Within less than a day I had a prototype up and running that handled inbound requests, did some processing, offloaded the rest to background workers and returned the request. The workers asynchronously stream data to BigQuery for real-time reporting.

The only thing I found baffling is that I could not load Googles' own cloud sdk from within the GAE environment and had to "vendor" it in, doing a bunch of workarounds/patching to get it to run. That probably consumed 3 of 4 hours it took to get this running.

Load testing this thing, GAE automatically managed everything and I never saw any error responses throughout the load test with. It's amazing how little ops work is needed.

AWS lambda and kinesis firehose/s3/Athena could provide part of this, but it's far from turnkey/conclusive. GAE/GC are just so much more complete.




> [...] doing a bunch of workarounds/patching to get it to run. That probably consumed 3 of 4 hours it took to get this running.

This always happens when I try to use one of Google's APIs/SDKs. I dread using them, I feel like they're overengineered most of the time.


Unfortunately, that's not one of those over-engineering times. GAE standard environment simply does not include the needed SDK. I'm guessing they just haven't gotten to it.

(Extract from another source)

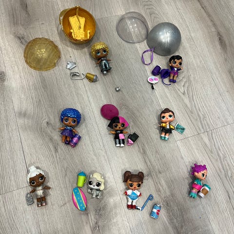 Myydään 5 kpl L.O.L-surprise-nukkeja, joista yksi on kissa. Kotelot mukaan!
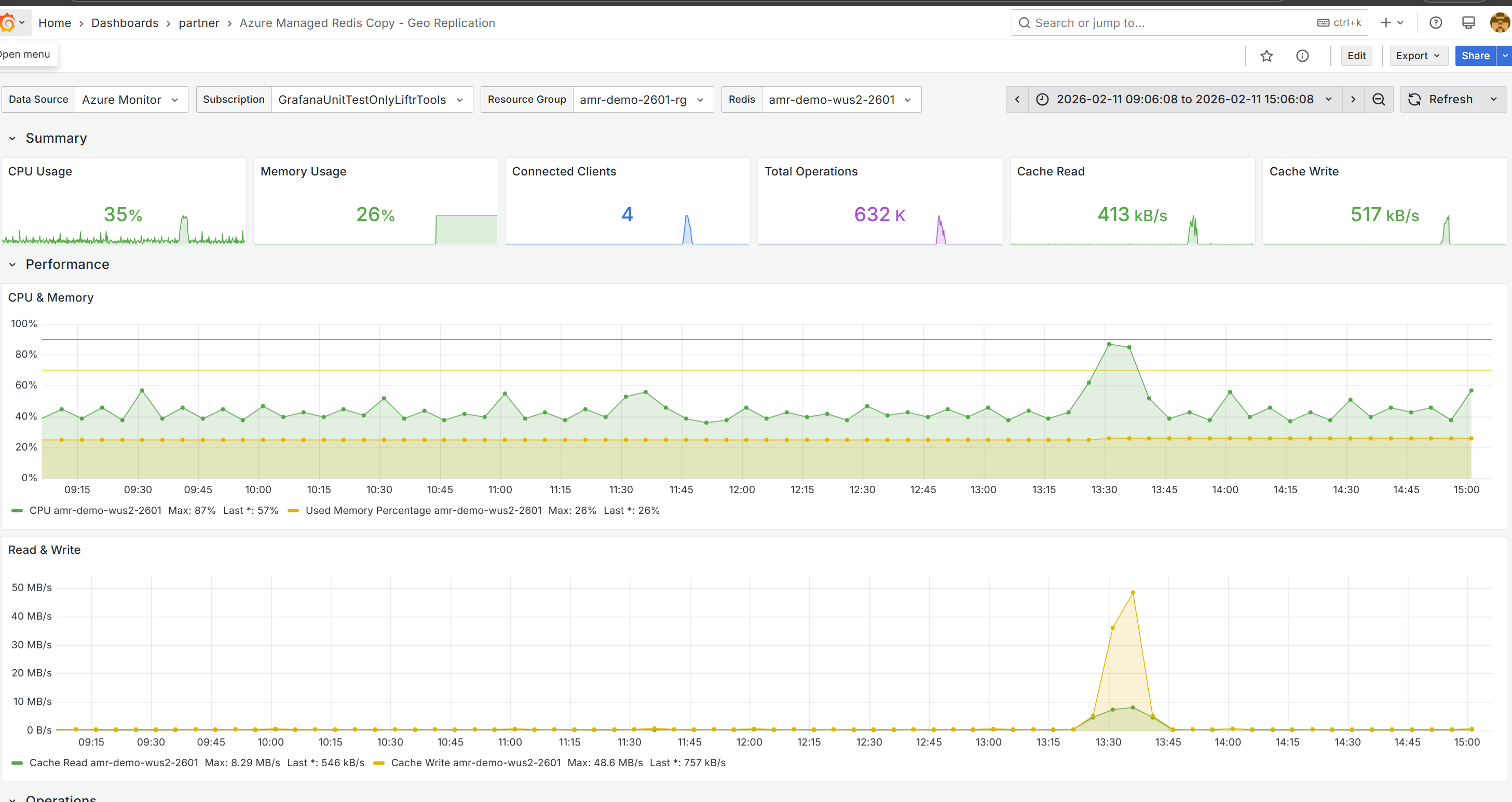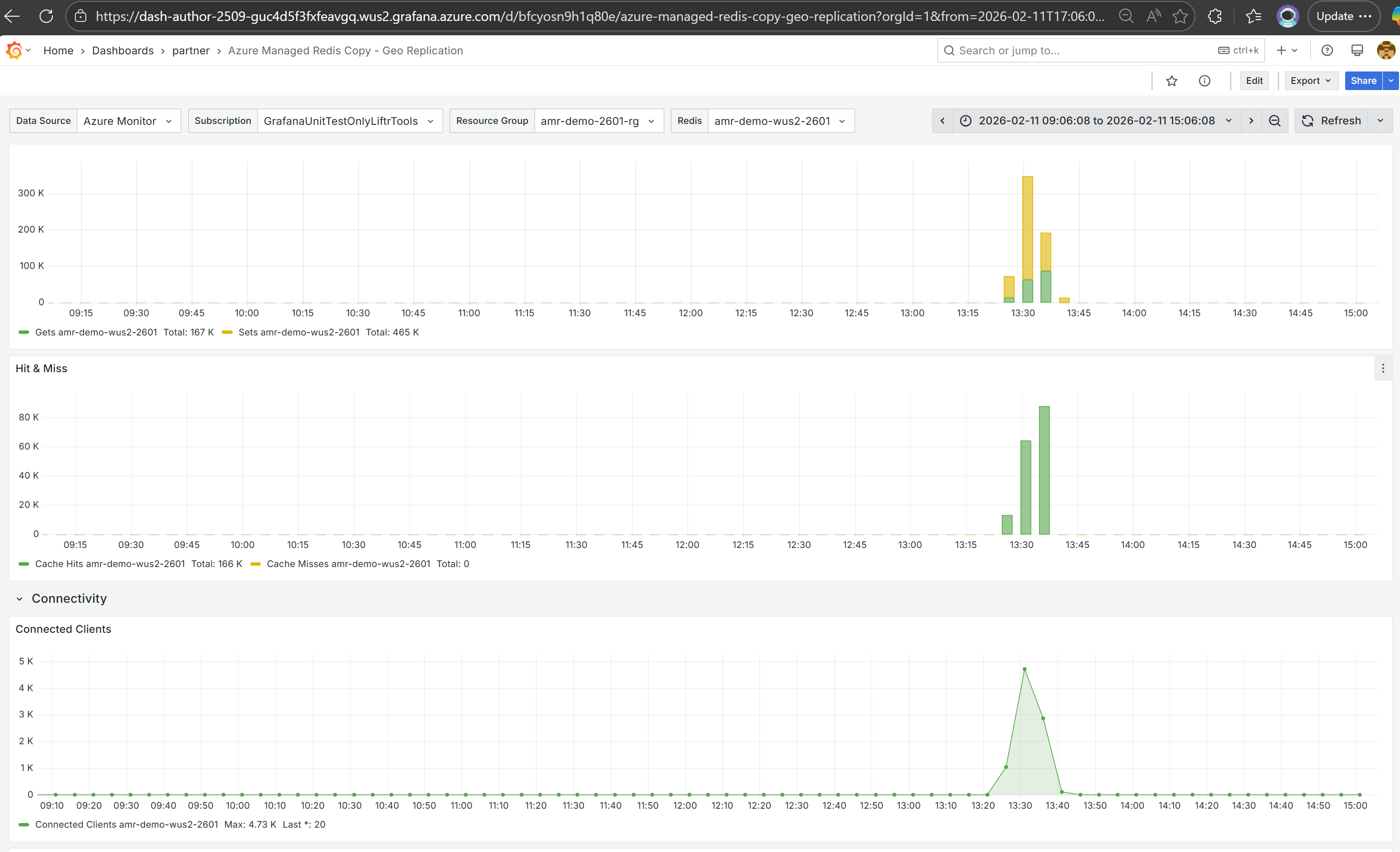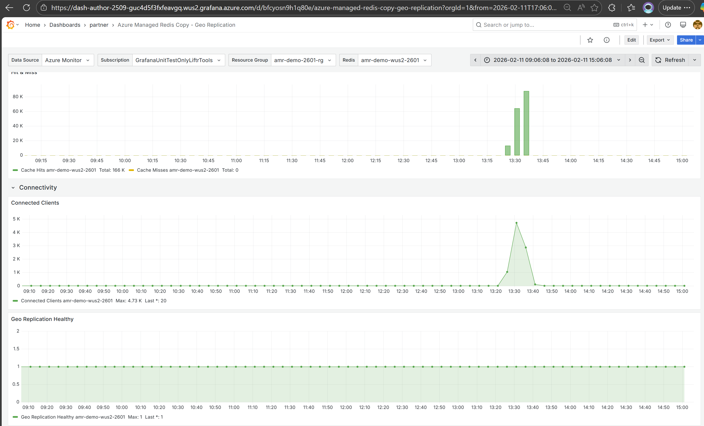 Azure Managed Redis monitoring dashboard

The SDK works as expected once imported as the outside library and various outbound requests things are configured and patched.

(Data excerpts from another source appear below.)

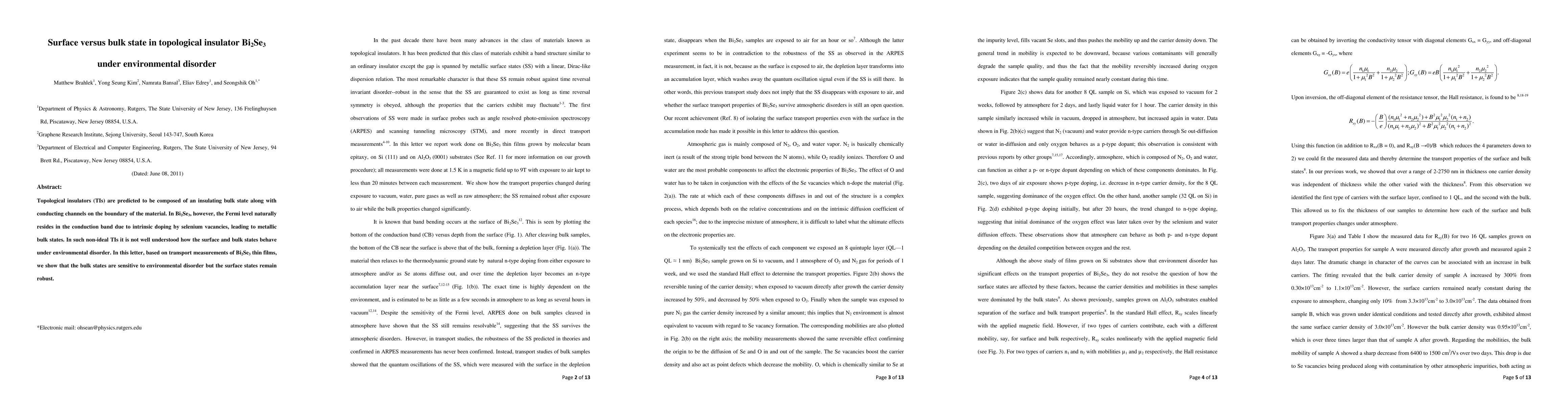 This paper investigates how environmental disorder affects the surface versus bulk states in the topological insulator Bi2Se3. Transport measurements reveal that while bulk states become sensitive to disorder, the surface states remain robust, highlighting the resilience of topological surface states.
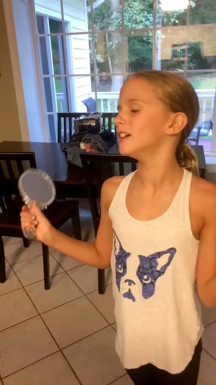 A young girl asks a handheld mirror who's the prettiest of them all and the mirror breaks and smashes on the floor
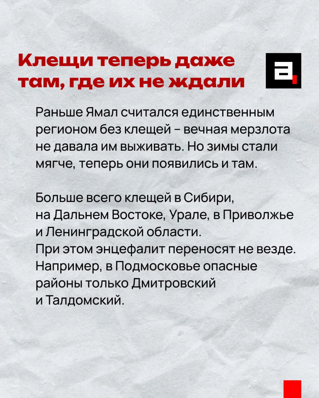 Клещи проснулись раньше обычного и добрались даже до Ямала, который еще недавно считался единственным регионом России без них. Больше всего паразитов сейчас в Сибири, на Дальнем Востоке, Урале, в Поволжье, Карелии и Ленинградской области.
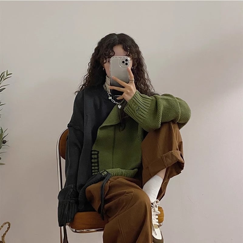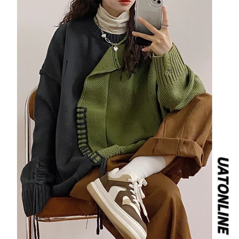【UATONLINEシリーズ】★セーター★ ニットトップス 男女兼用 メンズ レディース 配色 グリーン 緑
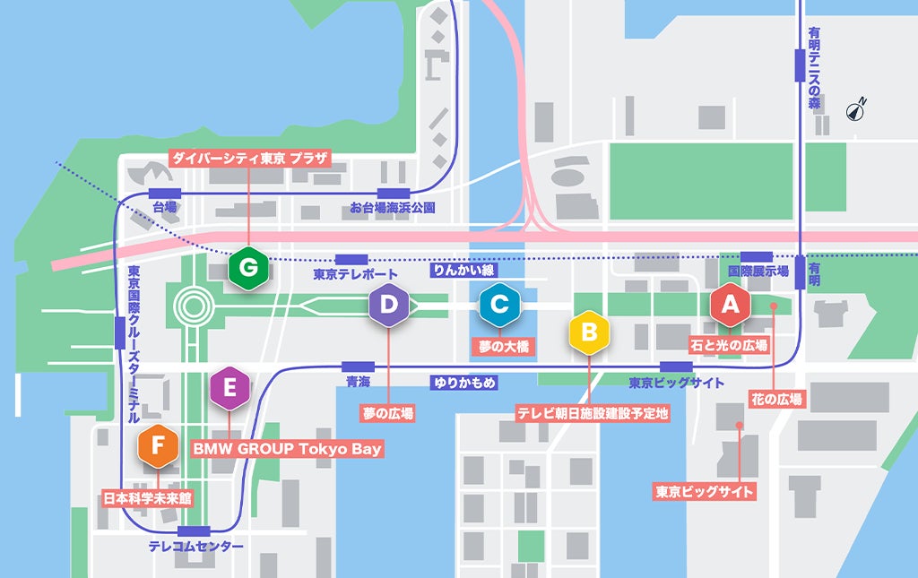 ・体験エリア:【A】シンボルプロムナード公園内 花の広場・石と光の広場(東京都江東区有明3-7)
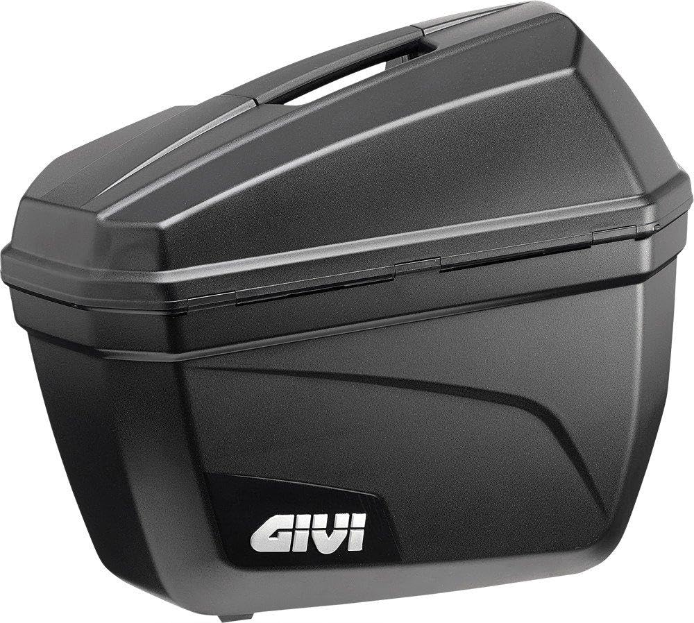 Q: What materials are used in the construction of the Givi E22N side cases?A: The Givi E22N side cases are made from durable plastic construction, specifically Ethylene Vinyl Acetate (EVA), ensuring they are lightweight yet robust for motorcycle use.

I think I overstated the complexity. All I needed to do was enable SSL for outbound connections (one-liner in the yaml file) and add the requests library patch to use URLFetch service (python/GAE specific step). Searching SO and Google documentation is what took up 95% of the 3 hours I spent on this.

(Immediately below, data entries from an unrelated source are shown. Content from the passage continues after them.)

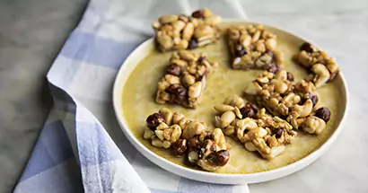 - In a small saucepan, bring the honey to a boil with peanut butter and Coconut Oil and simmer for 5 minutes adding, if necessary, the chosen spices.
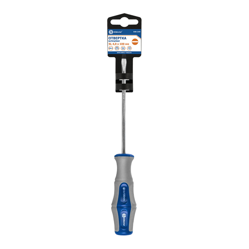 Отвертка Ultra Grip КОБАЛЬТ SL 4,0 х 100 мм, CR-V, двухкомпонентная рукоятка, подвес
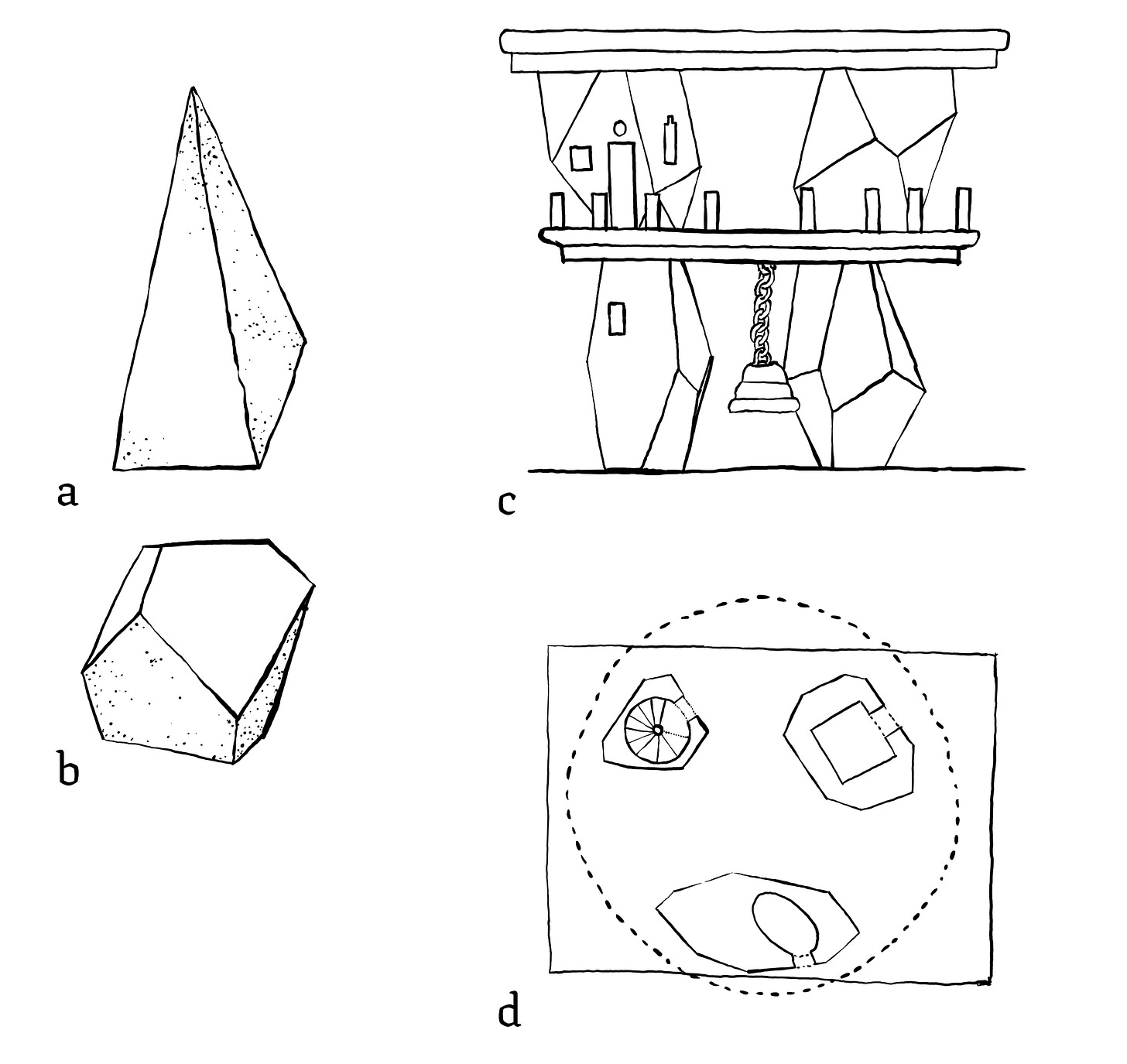 In the end, I draw an arrangement of melancholia blocks as a kind of wedding cake with a big bell (c,d)
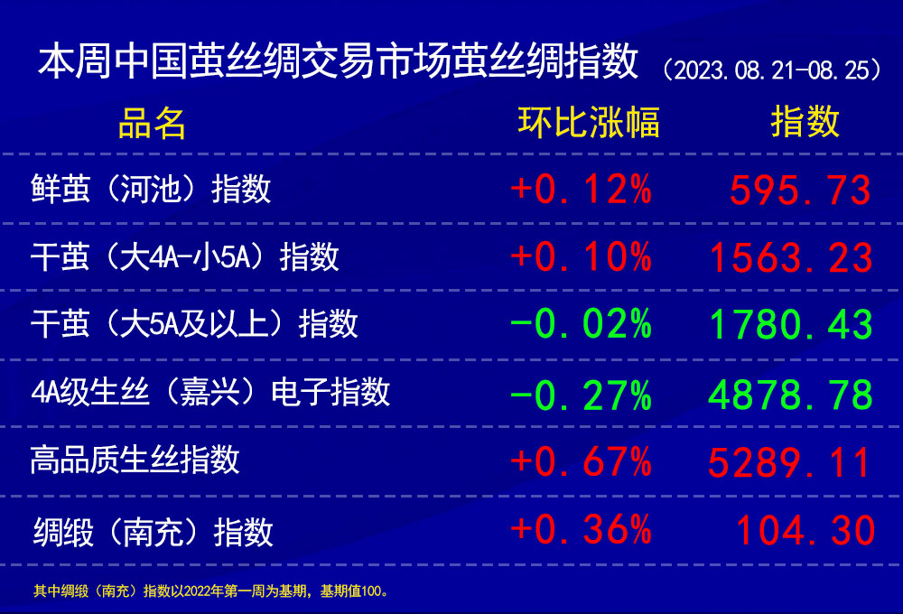 今日(2023年08月25日,周五)中國繭絲綢交易市場生絲指數(shù)下跌0.16%收于4878.78點,本周生絲指數(shù)下跌0.27%。B絲(商檢4A級生絲):230925合約下跌0.03萬元報收于48.96萬元;240325合約下跌0.12萬元報收于48.93萬元;240925合約下跌0.03萬元報收于48.27萬元。

Yeah, poor choice of word on my part, but I feel you. This happens to me a lot with their stuff: the solution is trivial yet not obvious and it's not documented properly so you end losing a lot of time.


The main problem with the SDKs have been that they've been changing extremely fast, and breaking backwards compatibility in every single release. The Go SDK has been particularly extreme in this regard. Not simple things like new arguments being added to functions; but actually changing everything around to the point of being unrecognizable. (The Go SDK also suffers from some unfortunate googleisms such as WithFoo() functions to chain options, which don't fit well into Go's somewhat impoverished type system.)